ニュース
E3を騒がせ続ける謎のインディゲーム「Cuphead」最新情報
何故ここまで人を惹き付けるのか、その謎に迫ってみる
2016年6月18日 16:34
世界中のXbox担当を惹き付けて放さない謎のタイトルがある。カナダのインディデベロッパーStudio MDHRが手がけているアクションゲーム「Cuphead」である。カップ型のキャラクターを主人公に、1930年代のカートゥーン的世界観の2Dフィールドを舞台に、様々なボス戦を繰り広げていくアクションゲームである。
謎なのは、インディゲームなのに3年もE3に出ているということと、それなのにいまだに発売時期が2016年としかわからないこと、インディの試遊台は1台限定が暗黙のルールなのに4台もあり、下手なフルプライスゲームよりも人気があること、そして大半の人が3分持たずにゲームオーバーになるにも関わらず、満面の笑みを浮かべて試遊を終えることだ。
筆者はこの謎を解くために、「Cuphead」コーナーに通い詰めた。取材の手前に立ち寄り、終了後に立ち寄った。「Cuphead」は誰もが速攻でゲームオーバーになるため、1人が3プレイやっても10分掛からず終了し、回転が速いことを知っているからだ。E3会期中10回ぐらいプレイしただろうか。そしてようやく最終日に、なんとなく「Cuphead」の魅力の本質的な部分が見えてきたので、忘れないうちに書き留めておきたい。
「『Cuphead』って何?」という方は昨年のレポートをご覧頂くか、下記トレーラーをチェックしていただきたい。
1930年代のカートゥーンの手法でゲームが作られている!
このゲーム、書いている筆者自身が信じられないのだが、“1930年代のカートゥーン風のゲーム”という表現は実は間違いで、“1930年代のカートゥーンが技術で再現されたアニメーションがインタラクティブになっている”と表現する方が正しい。
カップ型の主人公をはじめ、ゲームに登場するキャラクターたちは、1フレームずつモーションが描き起こされ、1930年代アニメと同じような、目の動き、表情の変化、オーバーな手足の動き、さらにオーバーすぎるエフェクト表現が採用されている。
グラフィックスはすべて手描き、手付けで、その上に、1930年代フィルム風のノイズエフェクトを被せ、フィルムの傷や付着したちりや埃といったノイズ、そしてフィルムを当時の機材で投影する際の若干のボケ味すらも味にしながら、徹底的に1930年代のカートゥーンの手法でゲーム制作が行なわれている。だから2014年時点で、ゲームとして形になっていたにもかかわらず、2年経っても完成しないという話になってしまっているわけだ。
それでいてゲームの難易度設定は1980年代
1930年代には当然デジタルゲームはない。では「Cuphead」はゲームとして何をモチーフにしているかというと、こちらは1980年代のベルトスクロールアクションがベースになっている。具体的には「魔界村」、「ロックマン」、「悪魔城ドラキュラ」、「メトロイド」などなど、コンティニュー無しでクリアすることを想定していない強烈な難易度の時代のゲームである。

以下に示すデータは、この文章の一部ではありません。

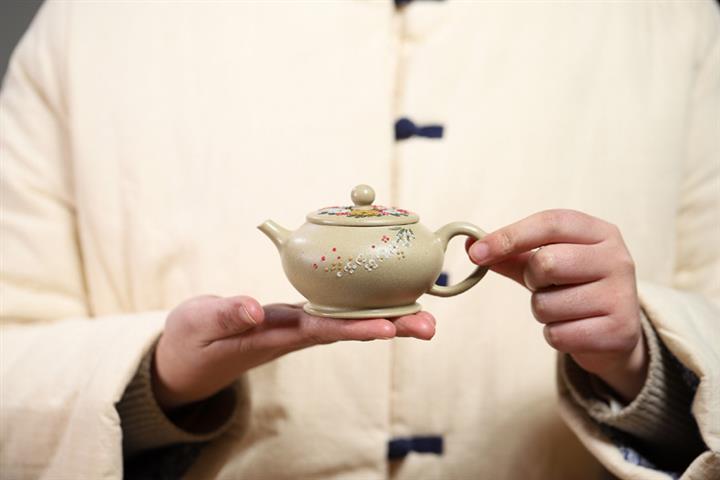 原礦紫朱泥手工描金漁翁茶壺POT6764

「Cuphead」もそっくりそのままその時代の味付けでゲームを作っているため、あまりの高難易度に絶えられず、みんなわずか3分足らずでゲームオーバーになってしまうわけだが、当時の手応えが蘇ってくるため、ついつい笑顔になってしまうわけである。このあたりゲームの本質を突いていて非常に勉強になる。つまり、1から100まで丁寧に説明して、突きっきりでガイドしてクリアさせるだけがゲームの面白さではないということをこのゲームは雄弁に語っている。
このゲームの敵は野菜や草木、海賊、悪魔、ガイコツなど、いかにも1930年代のカートゥーンで表現されていそうな、なおかつ子供が小躍りして喜びそうな造形のキャラクターばかりだ。その動きは実にユーモラスで、初見時にはおもわず吹き出してしまうほどだが、攻撃は絶えず熾烈で、アニメーションのセンスも現代とは全然違うため、「その予備動作からそう動くのかよ」、「ここまで攻撃届くのかよ」とついついツッコミを入れたくなるような予測不能な動きを連発してくる。これがまたおかしいのでゲームオーバーになっても笑みが止まらないわけである。
「Cuphead」は古き良き時代からの贈り物である
E3 2016でこのゲームに再開した時、あまり変わっていなかった(本当は変わっていたが細かいため気づかなかった)ため、このゲームを出す気はないのではないかと若干心配になったが、E3期間中に毎日プレイしていくうちに、彼らにとっての1年分の進化を確認することができた。開発は彼らにとっては順調に進んでおり、当初の予定通り1936(+80)年にリリースする予定は変えていないようだ。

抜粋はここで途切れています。